宿泊したエリアはビルバオの市街地から車で30分ほど離れた片田舎でしたが、こういう片田舎こそ雰囲気があって居心地が良いといつも感じます。タクシーなど見当たらないこの小さな町を歩いてみると、のどかな風景や、日本のようにピカピカでない、形の揃っていない野菜など、味のあるエッセンスに触れることができます。

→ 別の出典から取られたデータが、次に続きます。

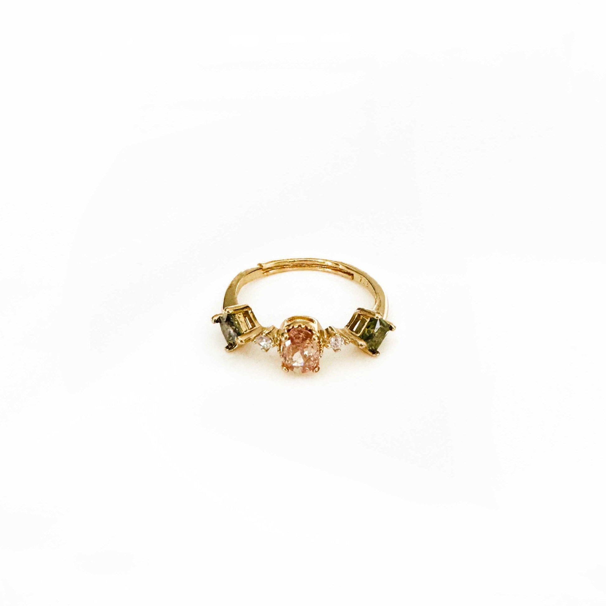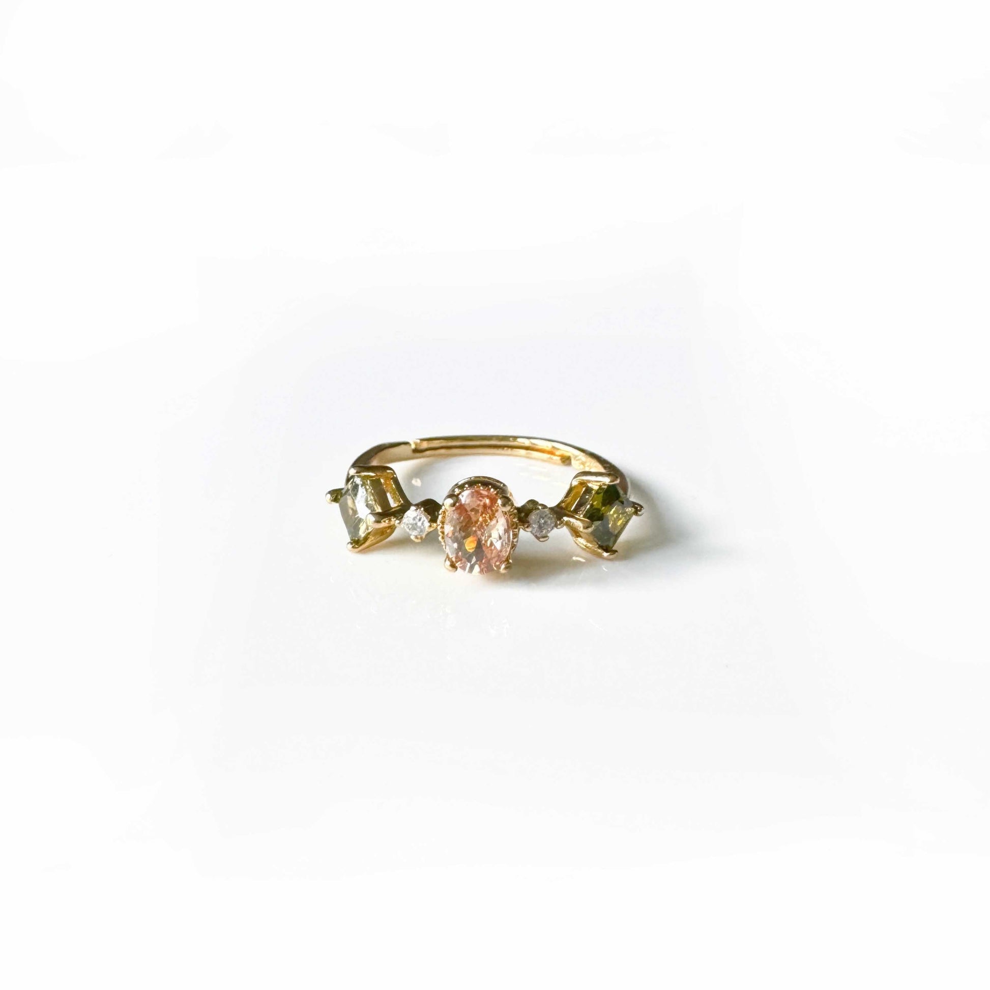 Discover elegance with this unique gold ring, showcasing a captivating peach-colored center gemstone accented by two rich green side stones. Crafted for those who appreciate distinctive style, this ring is perfect as an understated statement piece. Its warm tones and intricate design make it a beautiful addition to any jewellery collection.

実は観光地でないところに、情緒ある景色があったりしますよね。

現地販売店の社長は何でも直球で話せる人物で、好感の持てる人だったことも大きいと思います。私は以前からクライアント様にお伝えしているように、日本人よりも外国人との方が仲良くなりやすく、一瞬にして打ち解ける特技を持っています。ですが、その一瞬だけでなく、中には、ほんの数日間行動を共にしただけで、「オマエ、ここに住めよ」と言われたりもします。クライアント様からは「言葉がしゃべれるのって良いね」と言われることもありますが、言語とか地域とか立場とか、そんなものを超えたところに物事の本質はあるのだと思います。言葉が流暢でも心を通わすことが下手なプロの通訳者を何人か見てきましたし、そこに関しては、スキルの問題ではないとつくづく思います。

最近ブログやSNSの更新が停滞気味だったのは、既存のクライアント様のために力を注力するためです。また時間ができたときにこの仕事から垣間見る世界を、ほんの少しご案内できればと思います。